* Exercise instructions: Would you repeat the listing exactly but omit every picture?
Start of Given information
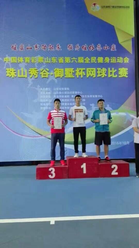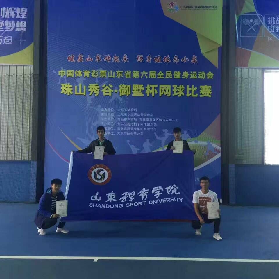 2016年10月14日-16日,山东省第六届全民健身运动会网球比赛在青岛举行,我校网球队在教练蒋争争的带领下获得男子单打冠军、第四名,女子双打季军,团体第四名的优异成绩。
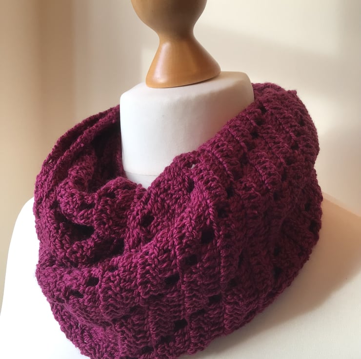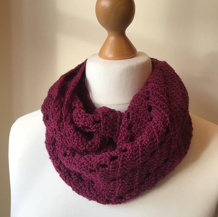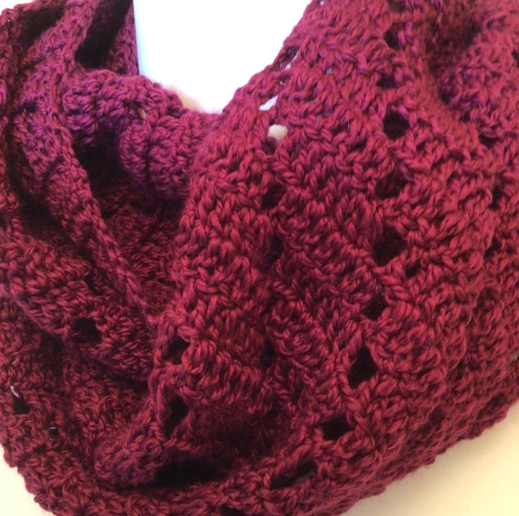 This gorgeous infinity scarf measures approximately 25cm wide x 120cm long. I have hand crocheted it in a finer 4 ply wool with a loose stitch so there will be some stretch in this scarf.
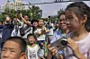 SKUELYSTNE: Innbyggere i Beijing gikk ut i gatene for å få et glimt av en spektakulær flyoppvisning med titalls krigsfly og helikoptre.Foto: Rafiq Maqbool, AP, NTB
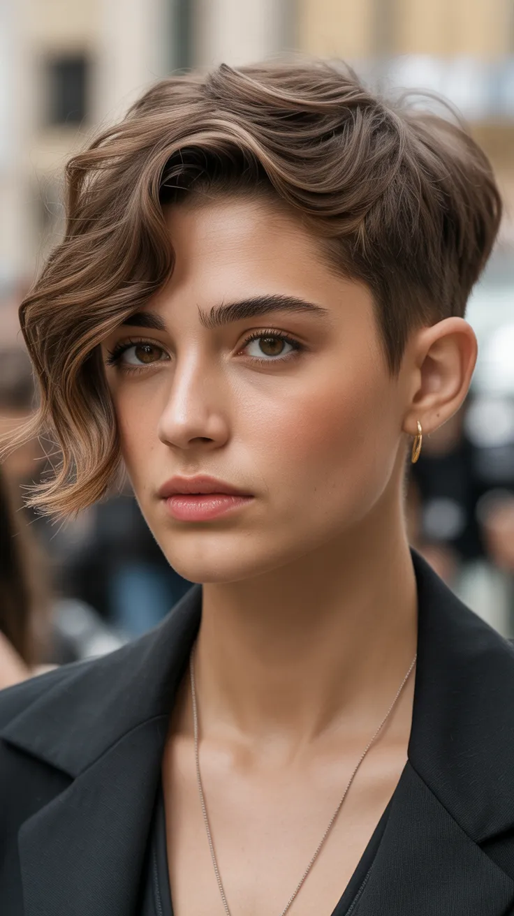 This tapered brown cut is a total dream hair look! The wavy texture adds a playful vibe, making it perfect for any hair day. If you’re thinking about short hair haircuts, this style is both pretty and practical.
End of Given information
* Response to this exercise:
 2016年10月14日-16日,山东省第六届全民健身运动会网球比赛在青岛举行,我校网球队在教练蒋争争的带领下获得男子单打冠军、第四名,女子双打季军,团体第四名的优异成绩。
 This gorgeous infinity scarf measures approximately 25cm wide x 120cm long. I have hand crocheted it in a finer 4 ply wool with a loose stitch so there will be some stretch in this scarf.
 SKUELYSTNE: Innbyggere i Beijing gikk ut i gatene for å få et glimt av en spektakulær flyoppvisning med titalls krigsfly og helikoptre.Foto: Rafiq Maqbool, AP, NTB
 This tapered brown cut is a total dream hair look! The wavy texture adds a playful vibe, making it perfect for any hair day. If you’re thinking about short hair haircuts, this style is both pretty and practical.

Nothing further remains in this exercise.